§ Problem statement: Among the lines below, a stretch begins at the one with "Inside, you’ll find" and ends at the one with "Dijo que con". Repeat that stretch exactly, ends included.

§ Extracted information:

◇ ◇ ◇

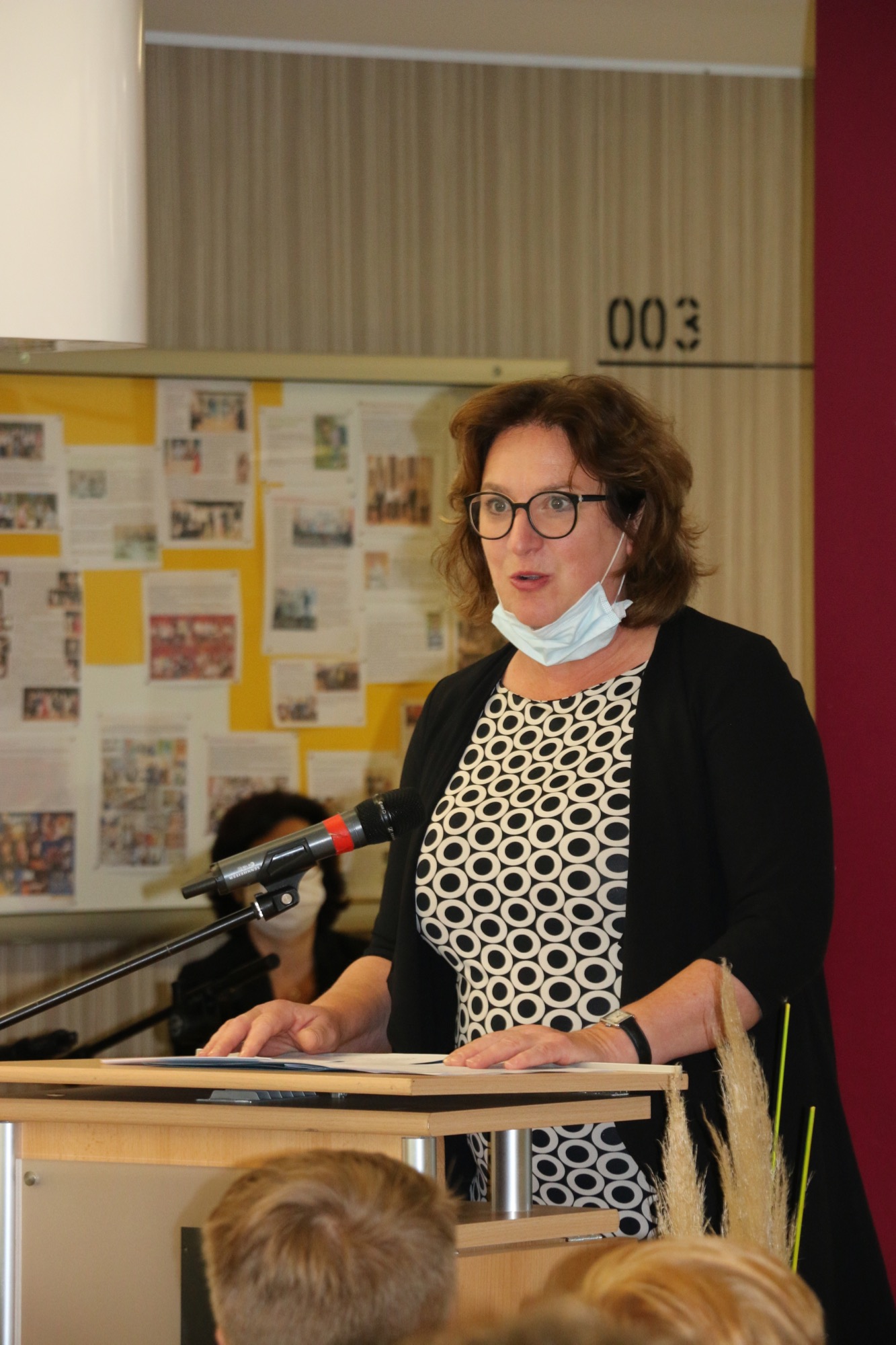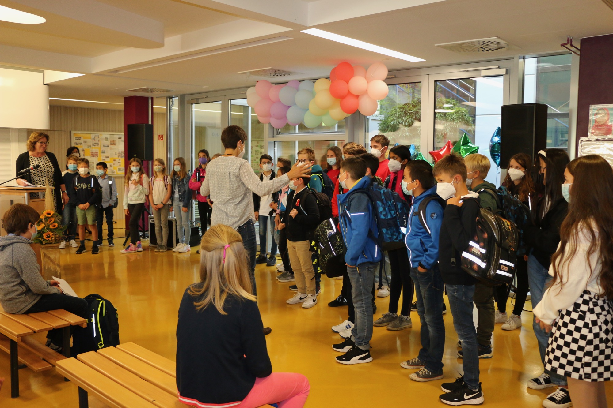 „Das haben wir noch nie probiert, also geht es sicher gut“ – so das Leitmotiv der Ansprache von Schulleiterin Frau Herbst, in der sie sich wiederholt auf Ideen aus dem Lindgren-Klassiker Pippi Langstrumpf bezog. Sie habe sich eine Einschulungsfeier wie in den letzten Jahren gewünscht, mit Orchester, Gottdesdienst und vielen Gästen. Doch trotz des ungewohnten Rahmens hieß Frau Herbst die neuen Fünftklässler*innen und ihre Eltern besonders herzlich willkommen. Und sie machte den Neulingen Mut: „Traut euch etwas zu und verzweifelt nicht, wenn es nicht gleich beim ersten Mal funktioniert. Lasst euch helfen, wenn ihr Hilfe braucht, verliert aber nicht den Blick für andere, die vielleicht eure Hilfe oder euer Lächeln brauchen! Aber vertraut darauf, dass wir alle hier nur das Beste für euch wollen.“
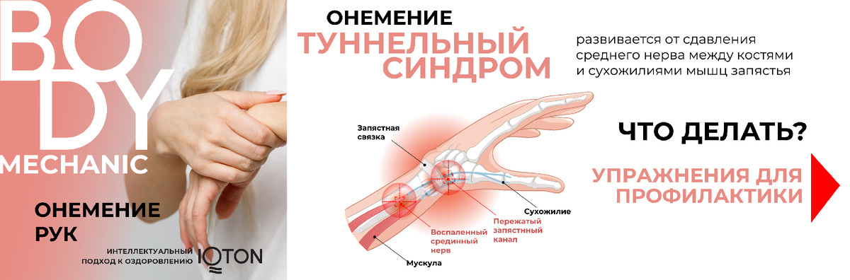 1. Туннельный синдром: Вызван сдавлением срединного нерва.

◇ ◇ ◇

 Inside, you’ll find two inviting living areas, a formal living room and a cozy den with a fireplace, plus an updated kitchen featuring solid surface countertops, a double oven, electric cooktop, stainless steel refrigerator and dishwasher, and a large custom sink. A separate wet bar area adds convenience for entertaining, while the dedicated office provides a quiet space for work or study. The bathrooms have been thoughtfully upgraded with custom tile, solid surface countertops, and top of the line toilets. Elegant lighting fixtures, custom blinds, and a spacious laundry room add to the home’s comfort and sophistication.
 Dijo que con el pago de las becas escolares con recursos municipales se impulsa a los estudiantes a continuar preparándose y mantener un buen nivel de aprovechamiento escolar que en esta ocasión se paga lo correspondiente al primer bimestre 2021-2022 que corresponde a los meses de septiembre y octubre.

◇ ◇ ◇

§ Solution below:
 Inside, you’ll find two inviting living areas, a formal living room and a cozy den with a fireplace, plus an updated kitchen featuring solid surface countertops, a double oven, electric cooktop, stainless steel refrigerator and dishwasher, and a large custom sink. A separate wet bar area adds convenience for entertaining, while the dedicated office provides a quiet space for work or study. The bathrooms have been thoughtfully upgraded with custom tile, solid surface countertops, and top of the line toilets. Elegant lighting fixtures, custom blinds, and a spacious laundry room add to the home’s comfort and sophistication.
 Dijo que con el pago de las becas escolares con recursos municipales se impulsa a los estudiantes a continuar preparándose y mantener un buen nivel de aprovechamiento escolar que en esta ocasión se paga lo correspondiente al primer bimestre 2021-2022 que corresponde a los meses de septiembre y octubre.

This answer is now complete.